Но самоубийство представлялось наилучшим вариантом. Разве что тогда этот гребаный недобитый повар окажется победителем. А если смотреть в корень, то виноват во всем как раз этот гребаный повар.
В какой-то момент пожарная сирена заткнулась. Младший заснул, укрывшись с головой. Когда проснулся, часы показывали девять вечера. Голова не болела.
И дом по-прежнему пустовал.
Полная мутня
1
Скрипя тормозами, остановил свой «Альфа-Хаммер-Эйч-3» (цвет «черный жемчуг», дополнительные опции – полный фарш) Большой Джим Ренни. Он опередил городских копов на целых три минуты, и такой расклад ему очень даже нравился.
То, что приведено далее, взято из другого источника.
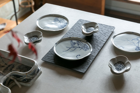 豊増:いろいろな表情が生まれるのは、薪窯で作る面白さのひとつですね。同じ窯で白瓷や染付も焼きますから、高温で焼かれた今回の白瓷は、これまでのものよりツヤがあってキンとした仕上がりに、染付の絵柄もはっきりとしたものになっていると思います。土は天草の陶石や有田の泉山陶石など、ものによって使い分けています。
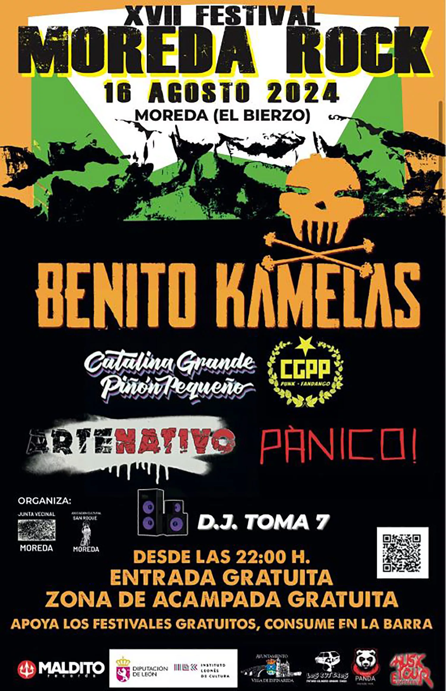 El Festival Moreda Rock, que acoge la localidad de Moreda del Bierzo, vuelve con fuerza en su XVII edición el próximo 16 de agosto con Benito Kamelas como cabeza de cartel, acompañado por los leoneses Catalina Grande Piñón Pequeño.
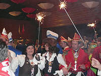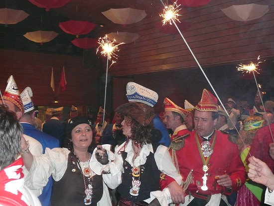 roten Teppich und Wunderkerzen im Saal vom Glessener Gefolge empfangen. Heimlich
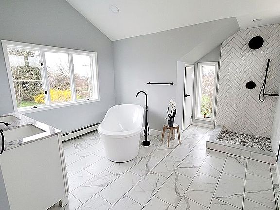 Complete professional renovation of this 1921 home on 1.03 acres. New 30-year roof, siding, plumbing, electrical, windows, doors, spray foam insulation, mini-split air/heat plus oil heat. 800 sq. ft. decking. Main level bedroom, mudroom, open concept kitchen/dining, living room & sunroom. Lower level bedroom/full bath with separate entrance. Surrounded by farms and wineries. 10' x 24' storage shed. Plenty of parking. $8,600 taxes. Marlboro Schools & water.
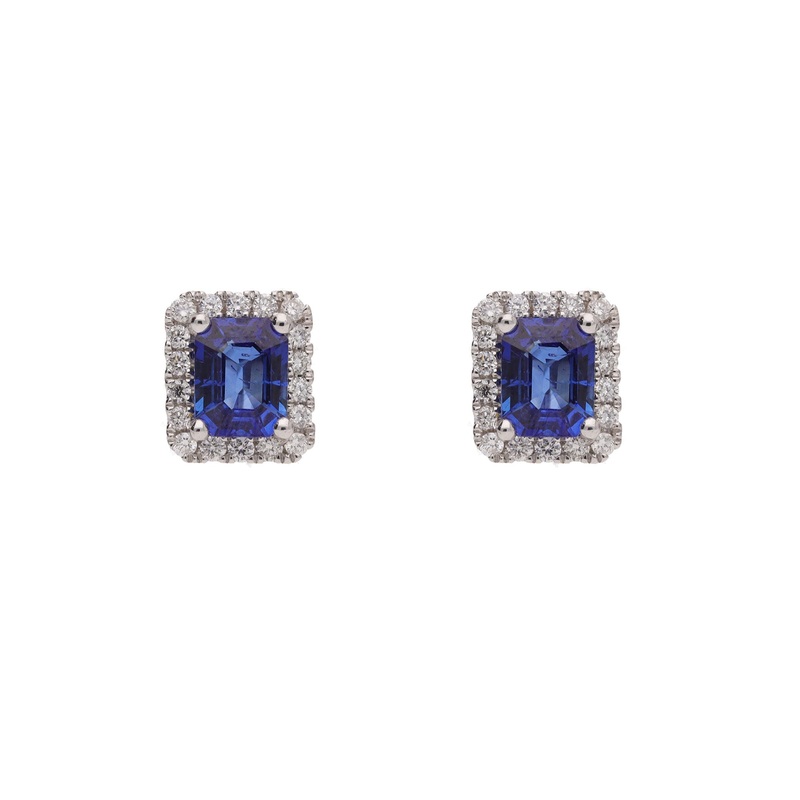 These elegant earrings feature a 1.02ct emerald cut sapphire at the center, surrounded by a sparkling halo of diamonds totalling 0.17ct. Set in polished 18ct white gold, they offer a timeless and refined look. Ideal for special occasions or adding a touch
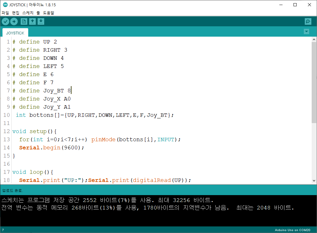조이스틱 쉴드 소프트웨어 코딩

Девиз Ренни гласил: всегда опережай конкурентов.
Эрни Кэлверт все еще говорил по телефону, но вскинул руку, приветствуя Ренни. Волосы его растрепались, он был таким взвинченным, будто обезумел.
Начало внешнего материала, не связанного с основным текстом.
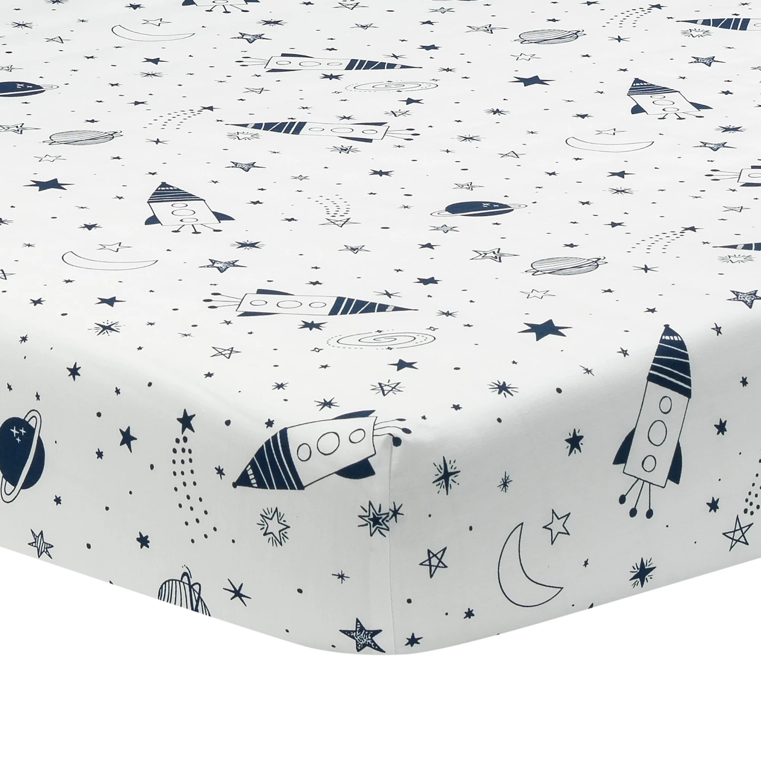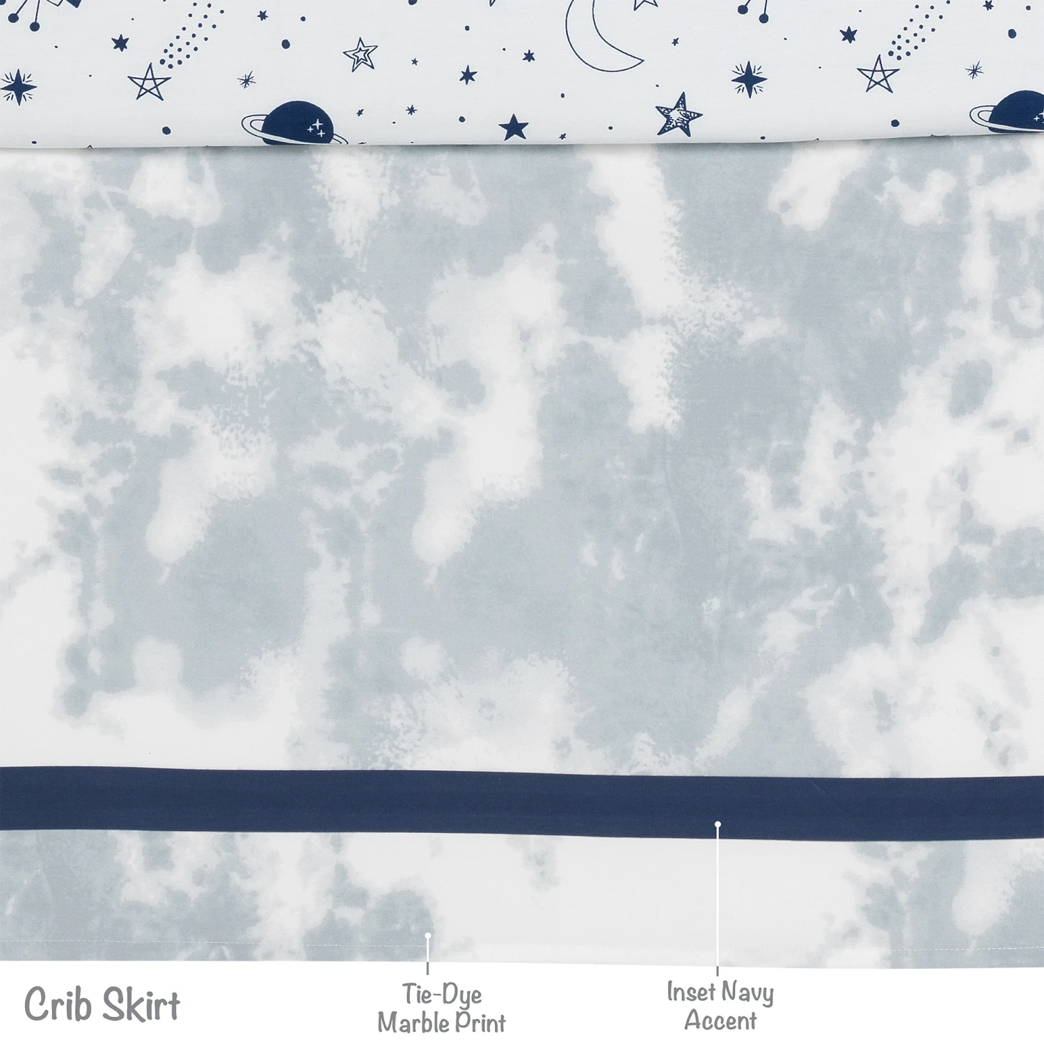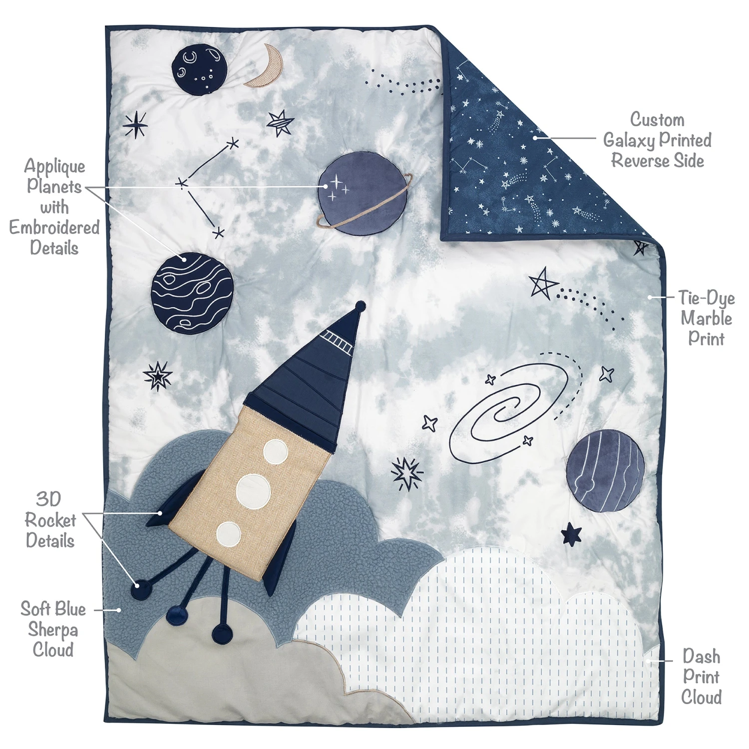 Your little one will love exploring the moon, planets, and stars with this out of the world nursery crib baby bedding collection. Included in the set is one quilt, one breathable 100% cotton fitted crib sheets, one crib skirt, one changing pad cover and a complete set of wall decals. The background was designed in a space age tie-dye/shibori and features a 19” long appliqued rocket ship made in textured fabrics including a soft and cozy dusty blue fleece, minky, twill, a textured linen blend, and lots of embroideries. The back of the quilt is printed with a star constellation on a navy ground. The breathable 100% cotton fitted crib sheet features rockets, stars and moons tossed over a white ground. The crib sheet has elastic all the way around to ensure a safe and secure fit on a standard-sized mattress measuring 52″ x 28″. The crib skirt is a futuristic tie-dye/shibori design that looks like clouds. There is a 1” wide navy twill border and the skirt is 14 ½” long. It is made in a soft cotton-poly twill. The changing pad cover is sized at 16” X 32”. The center panel is navy blue fleece, and the side panels are a galaxy print. There is elastic on the two short sides and summaryholes for the safety straps so your little one is safe and secure while having their diaper changed. There is a complete set of wall decals included in this set. There are four sheets that are 12”X18” each and a total of 32 die-cut pieces. The rocket is 17 ½” long. There are stars, a 6” moon, an 8” wide Saturn planet, a 6” Neptune planet and a 4” gray planet along with clouds. These decals are easy to apply to smooth walls and will not harm your walls upon removal. SKU: 892006V, UPC: 084122012950.

– Привет, Большой Джим, я до них дозвонился!
– Дозвонился до кого? – рассеянно спросил Ренни, оглядывая все еще горящий лесовоз и обломки вроде бы самолета. Неприятная история, возможно, грязное пятно на репутации города, с учетом того, что две новенькие пожарные машины отправились в Рок. Учения, участие в которых он одобрил… но на бланке разрешения на выезд стояла подпись Энди Сандерса, потому что тот занимал пост первого члена городского управления. И хорошо, что занимал. Ренни свято верил в фактор защищенности – так он это называл. И пост второго члена городского управления служил хорошим примером использования данного фактора: вся власть принадлежит тебе (во всяком случае, если Первый – такой кретин, как Сандерс), а ответственность, если что-то идет не так, ложится на другого.
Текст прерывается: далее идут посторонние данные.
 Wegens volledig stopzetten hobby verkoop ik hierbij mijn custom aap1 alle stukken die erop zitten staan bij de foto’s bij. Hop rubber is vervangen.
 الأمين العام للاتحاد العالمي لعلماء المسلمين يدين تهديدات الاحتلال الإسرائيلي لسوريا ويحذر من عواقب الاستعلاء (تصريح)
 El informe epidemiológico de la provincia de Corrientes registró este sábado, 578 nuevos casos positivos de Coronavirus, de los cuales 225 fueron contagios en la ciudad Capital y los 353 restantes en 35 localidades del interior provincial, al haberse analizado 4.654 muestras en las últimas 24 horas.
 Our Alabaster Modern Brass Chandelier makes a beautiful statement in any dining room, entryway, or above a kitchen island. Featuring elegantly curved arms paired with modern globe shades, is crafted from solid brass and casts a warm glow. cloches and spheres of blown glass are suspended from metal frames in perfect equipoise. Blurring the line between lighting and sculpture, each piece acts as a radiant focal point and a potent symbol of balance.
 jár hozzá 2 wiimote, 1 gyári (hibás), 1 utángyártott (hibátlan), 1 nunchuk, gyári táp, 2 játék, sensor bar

То, что происходило сейчас, Ренни – в шестнадцать лет он отдал сердце Иисусу и с тех пор вычеркнул из лексикона все грубые слова – называл «полной мутней». Следовало принимать меры. Брать ситуацию под контроль. А рассчитывать, что старый козел Говард Перкинс справится с этой работой, он не мог. Лет двадцать назад Перкинс, возможно, и был идеальным начальником полиции, но они жили уже в новом веке.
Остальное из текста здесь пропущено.